Brennglas des Populismus

Die Flüchtlingsrhetorik der CSU - ein Fallbeispiel

  • Velten Schäfer
  • Lesedauer: 2 Min.

Es ist nicht Aufgabe eines Innenpolitikers, sich mit deutscher Kulturgeschichte auszukennen. Auch nicht, wenn er sich für patriotisch hält, wie sicherlich Hans-Peter Uhl von der CSU. Dennoch schreit dessen jüngste, im Phoenix-Talk »Unter den Linden« verbreitete Expertise zur »deutschen Romantik« nach einer Fußnote: Nicht etwa das Einlassen der Welt und das Übernehmen von Verantwortung für deren Elend ist eine im historischen Sinn »romantische« Haltung, sondern das Gegenteil: Wegschauen und Wegducken gegenüber den Weltläufen, eine selbstgenügsame und unpolitische Wendung nach innen.

Oder was meinte Uhl sonst mit dem auf die Flüchtlingspolitik von Angela Merkel (CDU) gemünzten Satz, dass »immer dann, wenn die deutsche Romantik die Politik bestimmt«, dies »für Deutschland und Europa zum Problem« werde? Die historische Analogie, die man hier anklingen hören mag, wäre so abgrundtief, dass man sie nicht einmal dem Burschenschafter Uhl zutrauen mag.

Sein Auftritt ist beachtenswert, weil er die Grundlinien eben jener rechtspopulistischen Rhetorik, der er entgegenzuwirken vorgibt, wie in einem Brennglas konzentriert: »Die Zuwanderung ist für die deutsche Volkswirtschaft in den nächsten Jahren ein milliardenschweres Draufzahlgeschäft«, poltert Uhl. Und verwechselt, mit Absicht oder nicht, Volkswirtschaft mit Staatshaushalt. Tatsächlich fließen die Ausgaben in die Wirtschaft, die Unterkünfte und Lebensmittel verkauft. Es ist eine Finanzspritze. Wer hat auch nur einen Wirtschaftsvertreter darüber jammern hören?

Wo sich der Staat das Geld zurückholt, steht auf einem anderen Blatt - eins, das Uhl wohlweislich nicht anfasst. Die Wirtschaft jedenfalls hat Angst vor den »Binnengrenzkontrollen«, die Uhl fordert. Und nicht vor staatlichen Mehrausgaben.

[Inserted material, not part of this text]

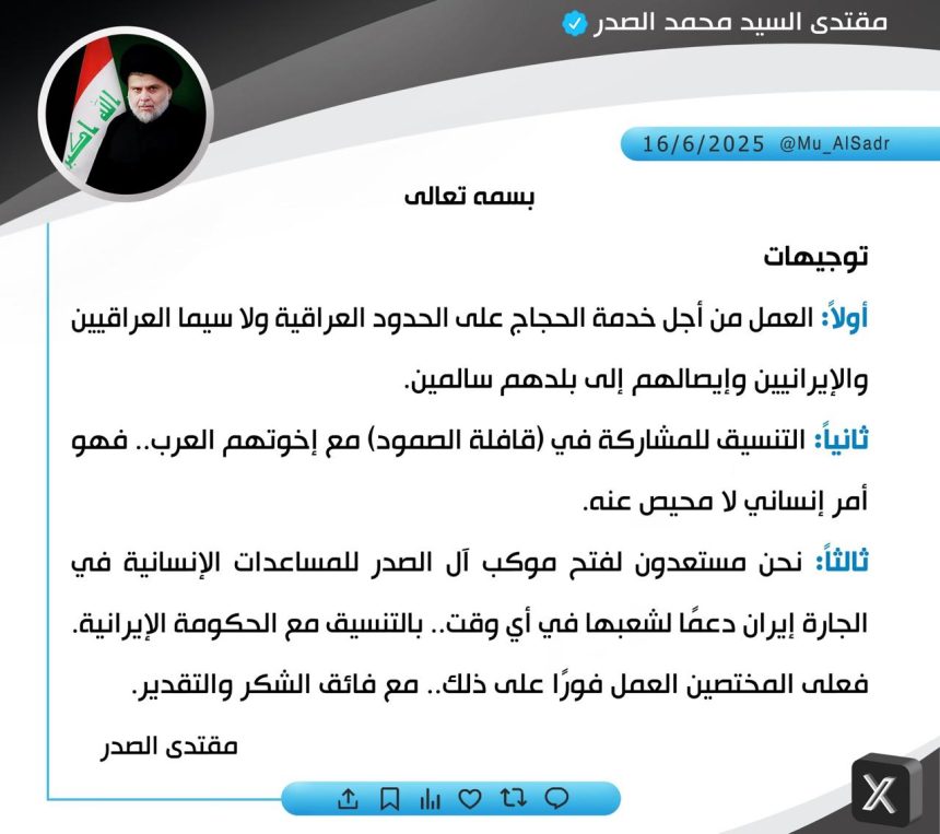 محلياتالسيد الصدر يوجّه بالتنسيق للمشاركة بـ”قافلة الصمود” وفتح موكب آل الصدر للمساعدات الإنسانية في إيران قبل 6 أشهر 53 مشاهدات شارك السيد الصدر يوجّه بالتنسيق للمشاركة بـ"قافلة الصمود" وفتح موكب آل الصدر للمساعدات الإنسانية في إيران الوسومإيرانالسيد الصدرقد يهمك أيضا رياضة المنتخب الاولمبي العراقي يخسر امام نظيره السعودي في نهائي كأس الخليج قبل 12 دقيقة 6 مشاهدات سياسة مجلس الوزراء يقرر إعفاء عدد من المسؤولين وتدوير آخرين بقضية تجميد أموال الارهابيين قبل 18 دقيقة 3 مشاهدات سياسة "الرشيد" تنشر نص قرارات مجلس الوزراء في جلسة اليوم قبل 22 دقيقة 4 مشاهدات سياسة الخارجية ترحب بقرار الحكومة السويسرية رفع حظر السفر المفروض على عدد من المدن العراقية قبل 52 دقيقة 8 مشاهدات عربي ودولي حماس تتهم إسرائيل بانتهاك اتفاق وقف إطلاق النار في غزة أكثر من 800 مرة قبل ساعتين 7 مشاهدات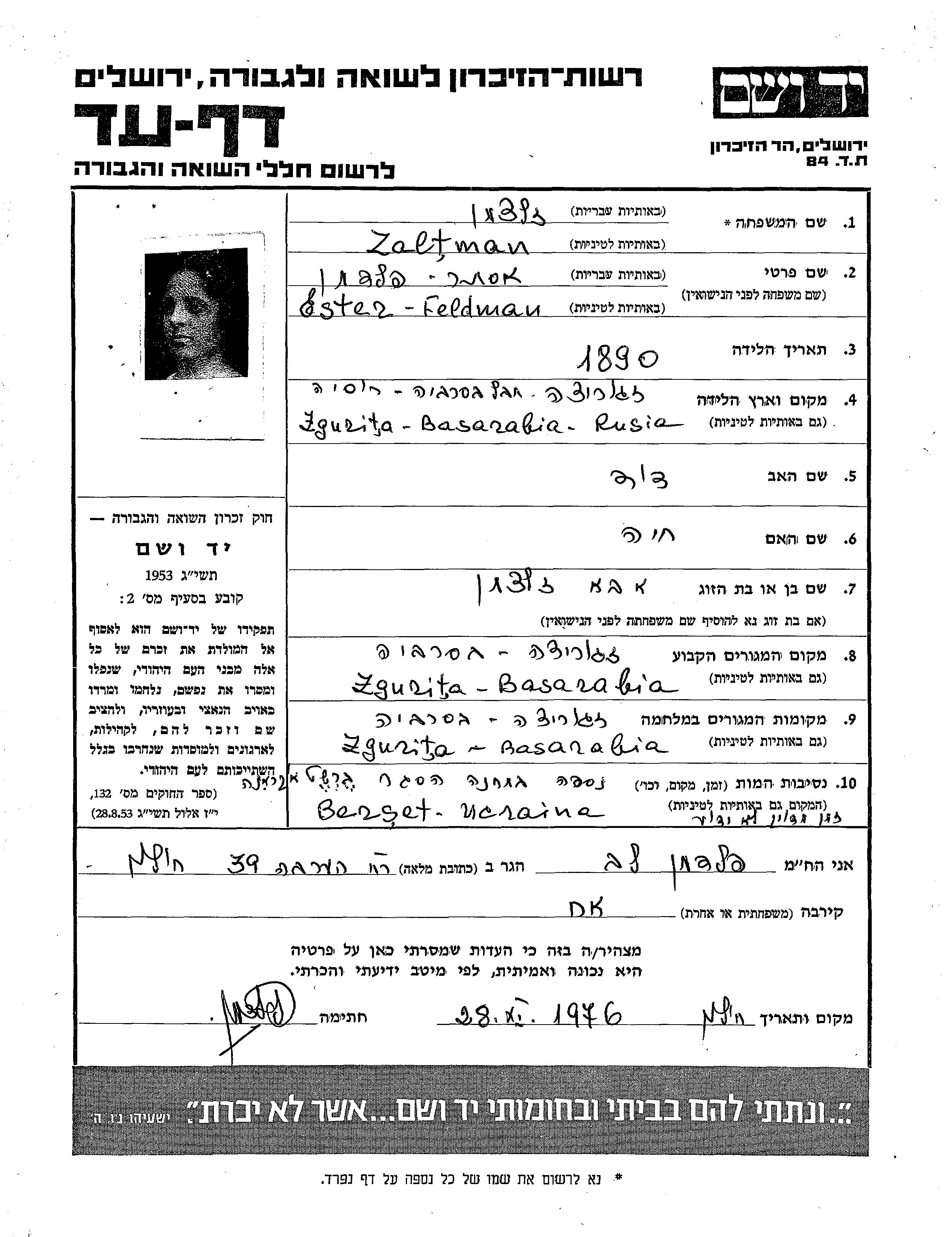 Ester Zaltman née Feldman est née à Zgurița, Roumanie en 1890. Avant la seconde guerre mondiale elle vivait à Zgurița, Roumanie.

Wo die CSU klagt, man wisse nicht, wer da komme, ist Uhl genau im Bilde: Wenige mit »echten Asylgründen« und viele »illegale Migranten«. Deswegen sei »Umdenken« nötig. Tatsächlich steckt ein großer und steigender Teil der Flüchtlinge etwa aus Syrien gerade nicht in »echten« Asylverfahren mit Aussicht auf »echtes« Bleiberecht, sondern erhält befristete, an den Krieg gebundene Aufenthaltserlaubnisse.

Das Signal dieses Auftritts des Justiziars der Bundestags-Unionsfraktion fasst die Phoenix-Pressestelle sehr treffend zusammen: Auch nach dem Asylpaket II geht die CSU »auf Distanz zu Bundeskanzlerin Angela Merkel«. Die inhaltliche Nachricht wäre freilich gewesen: »Münchner Hardliner redet gefährlichen Unsinn, Moderation lässt ihn gewähren«.

Immerhin kann Uhl nun, wie dutzendfach zuvor, nicht mehr klagen, man dürfe das nicht mehr sagen. Sollte man zumindest meinen. Bis zum nächsten Mal!